Charles Bukowski, em shh..it's just a dream

sábado, 15 de outubro de 2011

aprovado

  1. Publicar o selo e o blogue de quem o indicou. 
  2. Publicar o questionário e responder.
  3. Indicar dez outros blogues e avisar os seus donos.
♥ Pieces Of Stories: Selos ✽


  1. O que eu mais gosto em mim.
    Definitivamente, a minha parte psicológica. O quê, mais concretamente, não sei bem... Talvez o facto de ser muito crítica.
  2. O que eu menos gosto em mim.
    Sei lá, talvez alguns pormenores físicos... Eh pá, sinceramente não sei, porque eu gosto imenso de mim própria e não acho de grande relevância os aspetos que em mim não aprecio muito.
  3. Se eu ganhasse o Euromilhões, eu...
    Possivelmente, tentaria redistribuir o dinheiro de forma justa pelas pessoas mais carenciadas. Ou então comprava o que aos outros lhes falta e dava-lhes, não sei. Não gosto de pôr hipóteses, especular...
  4. Citar dez coisas sem as quais eu não viveria.

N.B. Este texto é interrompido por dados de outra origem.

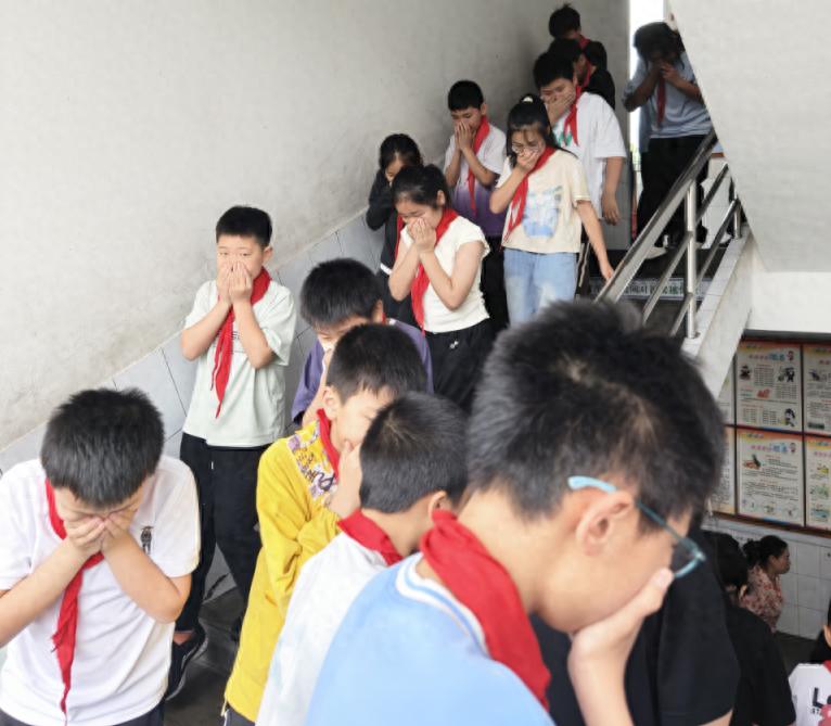 紧接着,校园内又响起了急促的地震警报声,防震应急疏散演练随之启动。高县逸夫小学校老师们第一时间停止授课,果断指挥学生迅速躲到课桌下或墙角处,指导学生用书包、书本等物品保护好头部和颈部,身体尽量蜷缩,降低重心,以最大程度减少可能受到的伤害。随着第二次地震报警声响起,该校老师们迅速组织学生有序撤离教室。学生们沿着预定的疏散路线,双手紧紧抱头,快速前行。各楼层的疏散引导员坚守在楼梯口、走廊等关键位置,认真指挥,全力确保学生安全疏散,有效避免了拥挤、踩踏等事故的发生。最终,学生们快速疏散到学校操场的指定安全区域,并以班级为单位整齐集合。

    Ar, água, comida, corpo, amor, filosofia, força de vontade, sinceridade, diálogo e arte.
  5. Qual o significado do blogue para mim.

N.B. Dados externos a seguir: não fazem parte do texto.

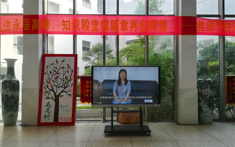 艺术楼大厅内则循环播放着感恩师德的视频。视频中,除了学生代表表达了对老师的感谢和节日祝福“我最喜欢的教师”——董文、王亚东李艳玲以及优秀教育工作者王向伟等老师分享自己任教多年的一些深刻经历和感想表达身为一名教师所拥有的一种幸福感。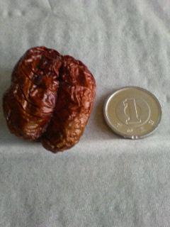 きのうのお話どうですか 話するだけで、汗が出てきます。(辛)これまたホントです、ハバネロにもいろいろな辛さや色があることを みなさん、見たこと有りますか なんだこれは・・梅干か これが「本当の正体」・・・・・ (乾燥後の写真)以前、日記(お題(誕生))にも掲載したハバネロ チョコレート 見た目は ピーマンをより小さく 色が本当に緑から茶色に成長します こヤツも、生で見ると辛いのかと疑うかも でも、食べると すっ・・・・ごい ハバネロ界では一番かな。こちらの商品も 勇気のある方・イベントの罰ゲーム・普通の辛さに満足してない方・・・など 珍しい一品なのでぜひお試しください。 ※本当に辛いので使用に注意が必要です。

    O blogue, este blogue, é o espaço onde exponho as minhas composições artísticas e críticas, a que junto também outras coisas que me agradam e acho que deveria partilhar com o mundo. Sem ele, poderia continuar a satisfazer-me, escrevendo exclusivamente para mim. Porém, sinto prazer em partilhar e expor o que faço, depois de o fazer para mim. Aqui liberto emoções através de palavras que não profiro oralmente. Quando digo algo a alguém, por mais belo que me pareça, não o publico aqui - e vice-versa. Por isso, este blogue para mim significa um complemento da expressão linguística dos meus pensamentos.
  6. O que é a beleza para mim.
    Um conceito filosófico muito banalizado, que, intimamente, se define pelo bem, pelo prazer e pela justiça. Algo é belo quando me parece sincero e me provoca prazer ou quando lhe reconheço bem ou justiça - talvez porque isso me provoque prazer.

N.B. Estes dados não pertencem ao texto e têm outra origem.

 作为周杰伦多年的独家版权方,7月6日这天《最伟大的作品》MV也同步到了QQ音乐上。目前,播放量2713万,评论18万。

  7. Frase que marcou a minha vida.
    You are who you want to be, num filme cujo nome já não me recordo. Lembro-me de ser criança e ouvir isso. Ponderei naquilo durante imenso tempo. Pensei que não era verdade, porque eu poderia querer ser médica e isso sozinho não faria de mim médica. Anos mais tarde, foi a partir desta frase que percebi de que forma é a personalidade humana construída e, necessariamente, que as pessoas podem mudar, e de forma consciente e deliberada: sobretudo, que nós conseguimos escolher as pessoas - e não as profissões - que achamos que devemos ser. Nem sempre eu fui sincera, corajosa, frontal, tolerante ou sensata. Eu olhei para os outros, observei-os, perguntei-me o que é que eu admirava neles e adotei essas mesmas caraterísticas. Afinal, eu sou quem eu quero ser.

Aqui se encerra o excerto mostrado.